The stage codes are here: https://bitbucket.org/sdo-hapi/data-models/src/25109b2477eccc318794642b58f56785c6e626ef/schema/xsd/publications/harmonized-publications.xsd#lines-123

@ronaldtse I can't find any stage codes in the documentation.

ronaldtse commented 2 years ago

The documentation at that line says:

@ISO: uses exclusively "CD", "DIS", "FDIS" and "IS"; they matches the rows 30, 40, 50, and 60 of the harmonized stage codes matrix. In case the project's stages are re-iterated, only the last contents is exposed as a publication. Notice that this value also appears in the publication urn (see samples).</xs:documentation>

I guess they don't use stage codes.

You can see a sample here, although it is from ISO: https://bitbucket.org/sdo-hapi/data-models/src/master/samples/publications/iso_pub_PUB100367.xml

They also support JSON (which is better to use): https://bitbucket.org/sdo-hapi/data-models/src/master/samples/publications/iso_pub_std_FDIS_62085.json

IEC sample: https://bitbucket.org/sdo-hapi/data-models/src/master/samples/publications/publications_iec.xml

andrew2net commented 2 years ago

@ronaldtse there are date types that I don't know how to map:

In the relaton model, we have the following date types:

"published" | "accessed" | "created" | "implemented" | "obsoleted" | "confirmed" | "updated" | "issued" | "transmitted" | "copied" | "unchanged" | "circulated" | "adapted" | "vote-started" | "vote-ended" | "announced"

https://github.com/relaton/relaton-models/blob/ee413e3fb6e8f098972a0a0f528141e1db730633/grammars/biblio.rnc#L307

ronaldtse commented 2 years ago
opoudjis commented 2 years ago

We have three more flavour-specific date types:

IEEE: feedback-ended NIST: superseded abandoned

But stability isn't on there (though I was convinced this has come up before.)

This does seem legitimate as a global addition. I want to preserve the pattern of past participles, but I don't see how.

ronaldtse commented 2 years ago

So:

To be added to the model?

andrew2net commented 2 years ago

But stability isn't on there (though I was convinced this has come up before.)

@opoudjis maybe it has never come up. It's just in the xsd schema

UPD the are stabilityDates in the data provided by the API

opoudjis commented 2 years ago

Dates are all point events in the Relaton grammar currently, and your request to randomly add intervals to that listing is denied.

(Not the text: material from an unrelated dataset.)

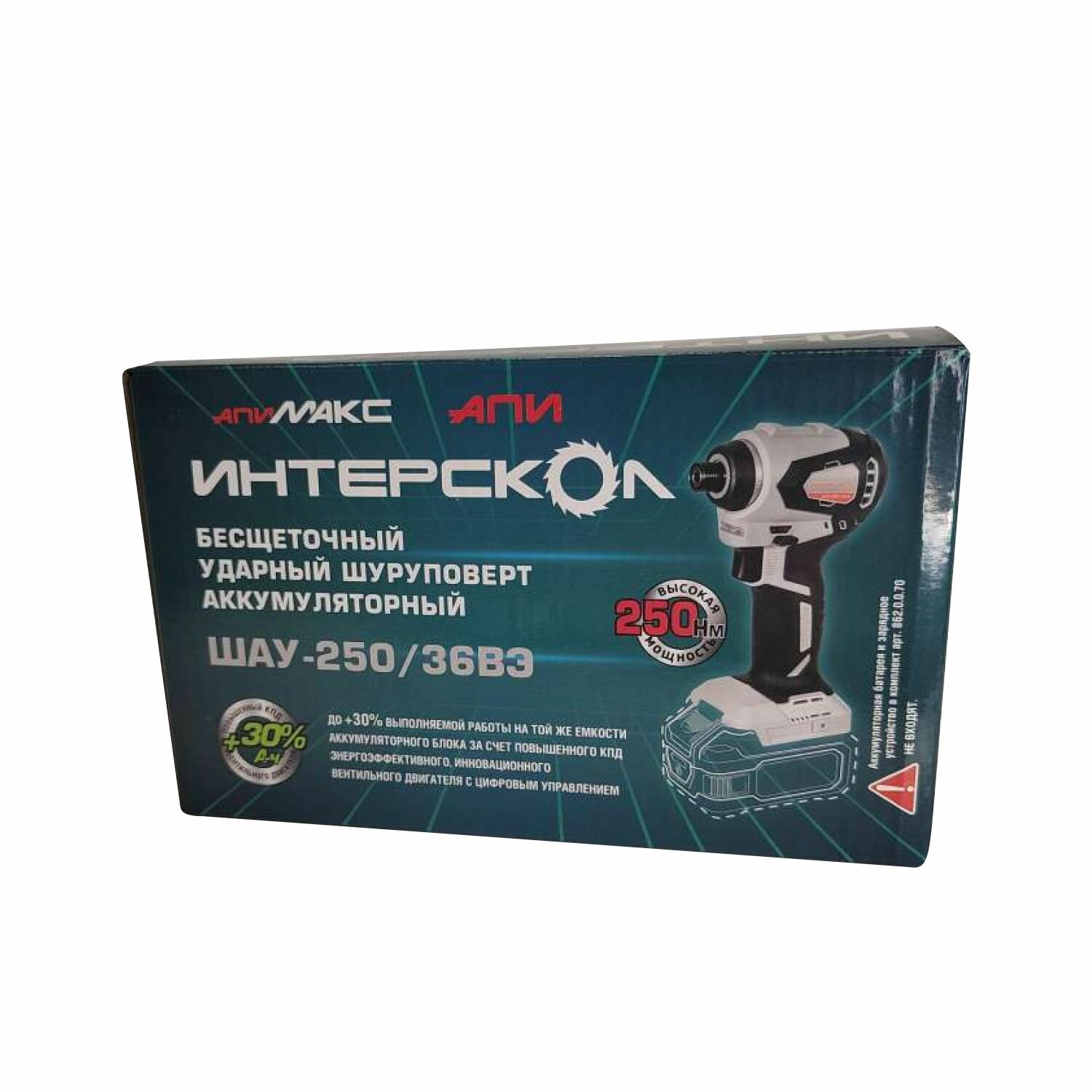 Шуруповерт ударный бесщеточный ИНТЕРСКОЛ ШАУ-250/36ВЭ АПИ, арт. 862.0.0.70, без АКБ и ЗУ, картон

You are starting to think that the Metanorma grammars can randomly be changed to satisfy your aesthetics, @ronaldtse, and that is not going to happen on my watch. The stability of the grammars remains paramount, and the inclination to change them when it is not absolutely necessary is one I shall combat without mercy.

Flavour-specific modifications of dates are going to be kept specific to those flavours (and ideally stripped out when they are consumed outside of those flavours).

Therefore:

BibiographicDate type remains as is for NIST and IEEE, to which those local type extensions have already been added.

vote_started and vote_ended remain as is. feedback_ended remains as is.

stable-until does not need to be a time interval, since the start of the time interval is always going to be the most recent of published, updated, or unchanged. The start of the interval is always going to be specified in a pre-existing date.

andrew2net commented 2 years ago

@ronaldtse the guideline recommends to query last changes. I suggest that daly running script updates last changes. For updating all the documents we can use GHA workflow dispatch. What do you think?

ronaldtse commented 2 years ago

I agree!

ronaldtse commented 1 year ago

This has been implemented. Thanks @andrew2net !